Тяжёлый упряжный мохнатый конь не хотел отъезжать от кобылы, Бакунин ударял его каблуками, повернул, тронул рысью. Возле Вильдсруфергассе Бакунину показалось: мелькнула, перебегая улицу, худая фигура Вагнера, в берете, в широких панталонах, синем сюртуке; даже показалось, что фигура композитора выражала веселье.
17
Атаки на баррикады Семпера были отбиты. С рудокопами отстрелялся Бакунин и на Брейтештрассе, но бойцы ждали ночи, как спасения, чтоб, упав темнотой на Дрезден, остановила б набатные колокола и выстрелы, повалив шпили дворцов, колокольни, всё смешав чернотой. Ночь не хотела приходить, но пришла.

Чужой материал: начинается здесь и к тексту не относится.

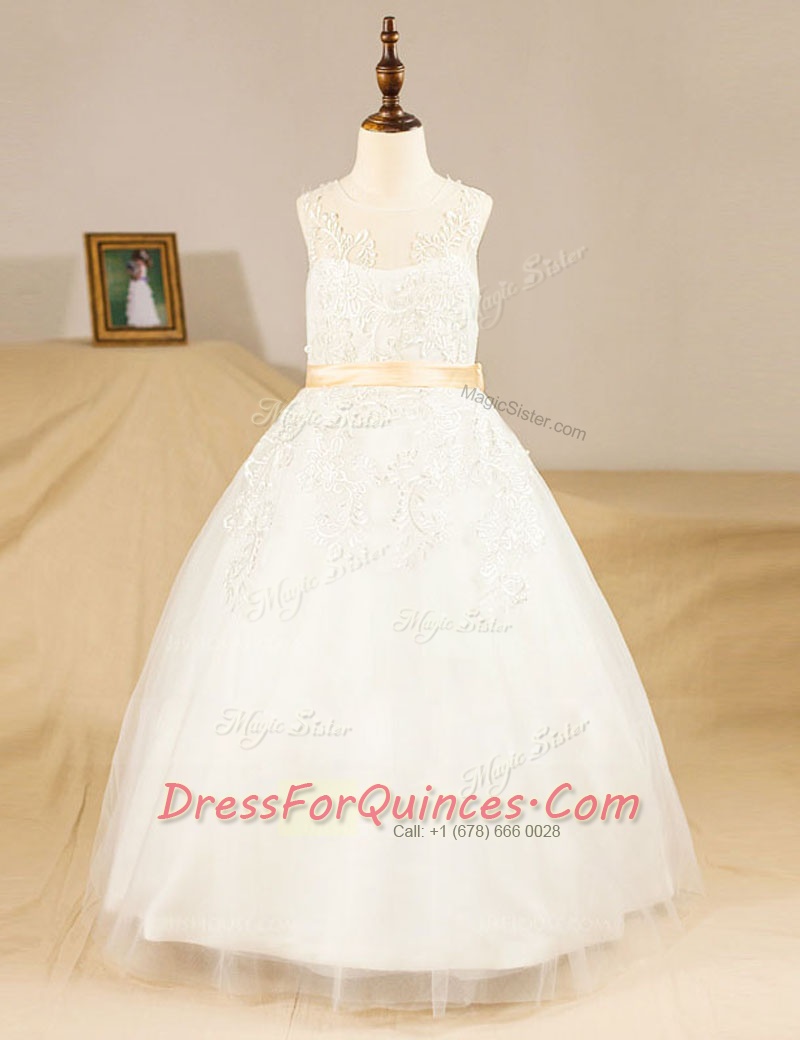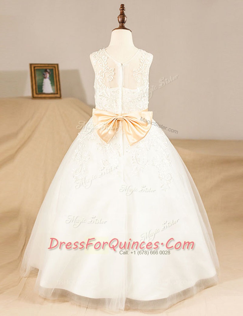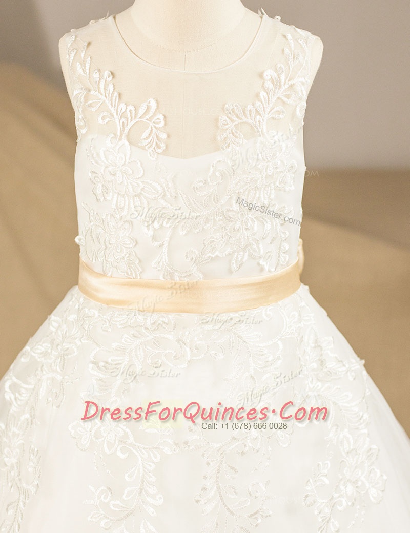 Gorgeous White A-line Scoop Sleeveless Tulle Floor Length Zipper Lace and Sashes ribbons Flower Girl Dresses
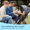 - Includes: Stroller and car seat, infant car seat base, child and parent trays with cup holders
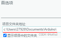 解决办法是把“项目文件夹地址”改回默认的(c:\Users\27928\Documents\Arduino\)如下图所示:
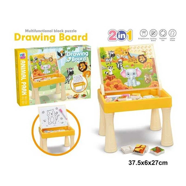 Столик дитячий дошка двостороння для малювання маркером та збирання пазла Жовтий (009-2119)
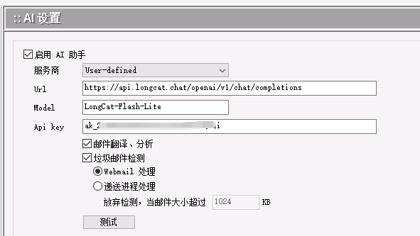 可对接 DeepSeek、Qwen、MiniMax、Kimi 等主流 AI 大模型开放平台 API,Webmail 支持多语种翻译、垃圾邮件检测、生成回复、内容归纳和退信分析等功能。[企业版、旗舰版]支持后台邮件递送进程垃圾邮件检测。使用外部大模型平台需要服务器可以连接外网。
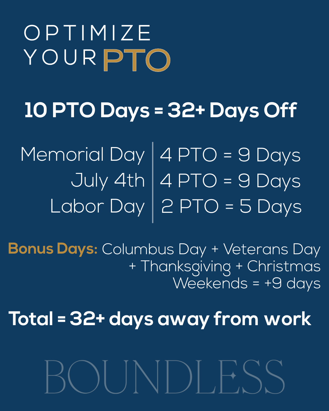How to Maximize PTO in 2026: Turn 10 Vacation Days Into 38+ Days Off - Review the individual strategies
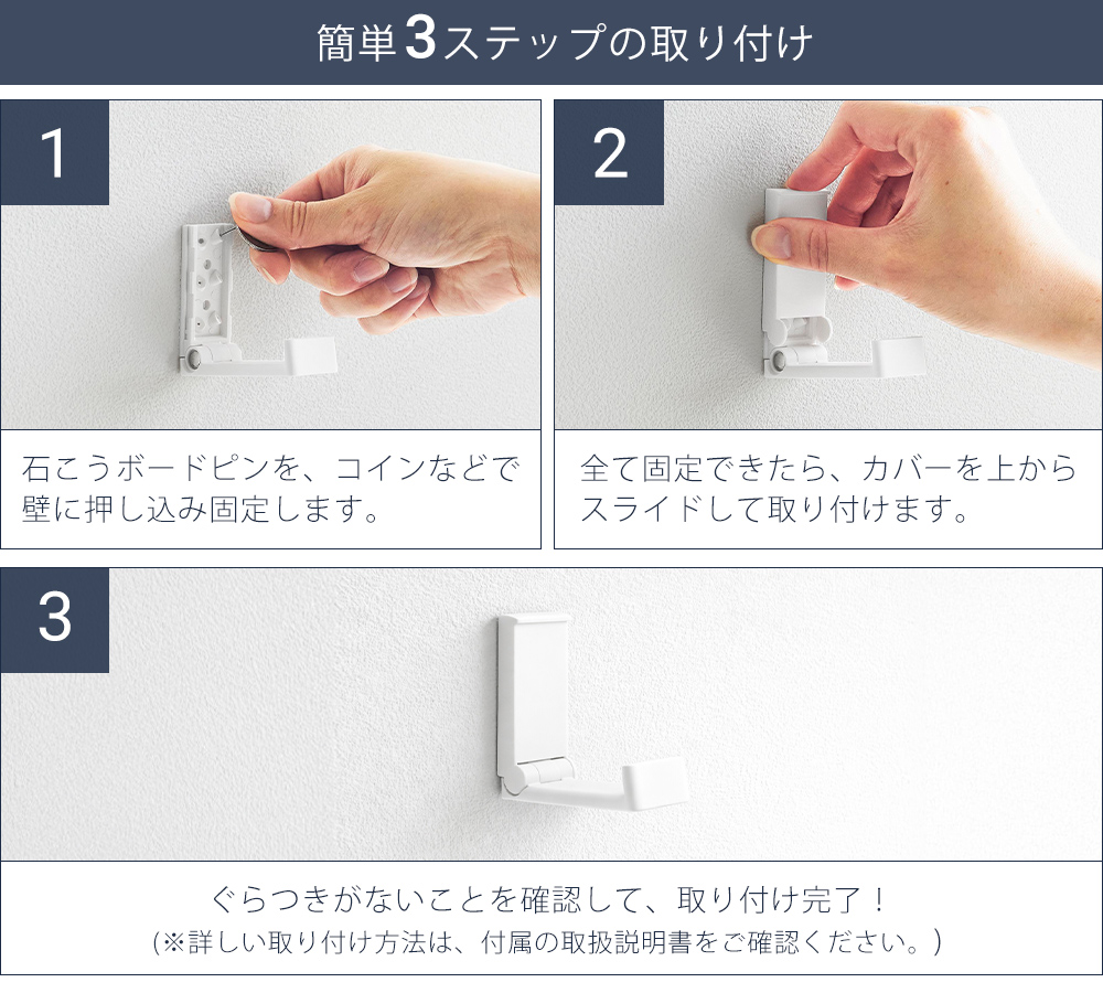 石こうボードピンで固定し、カバーをスライドして装着するだけ。特別な工具を使わず設置できるので、初めてでもスムーズに取り付けできます。詳しい方法は付属の説明書をご確認ください。

В зале ратгауза, поджав ноги, на матраце в испачканном фраке сидел Бакунин. Рядом полулежал, наливал в жестяную кружку кофе из большого кофейника Рекель; сидели Маршаль, Цихлинскнй, Мартин, группа поляков: в светло-синих широких панталонах, по-турецки поджав ноги, отпивал кофе Вагнер, возбуждённо говоря:
– Это блестящая, блестящая победа! – Вагнер был даже красив, в необычайно радостном возбуждении обращаясь то к Бакунину, то ко всем окружавшим. – Такие переживания бывают раз и далеко не во всякой жизни! Я пробрался под обстрелом с вечера на Крейцтурм, но представьте, туда залезло уже несколько человек, и между ними учитель Бертольд, пытавшийся завязать со мной во время боя сложнейший философский спор на самые отвлечённые вопросы религии и права!
Все расхохотались.
– У башенного сторожа я достал тюфяк и устроился почти что с комфортом. И вот, на рассвете, вы подумайте, это была изумительная картина! С одной стороны беспрестанное, жуткое гудение колоколов, с другой – свист прусских пуль, а из сада у Крейцтурм слышу в начавшемся бою самую настоящую песню соловья! Нет, нет, это был удивительнейший рассвет в моей жизни!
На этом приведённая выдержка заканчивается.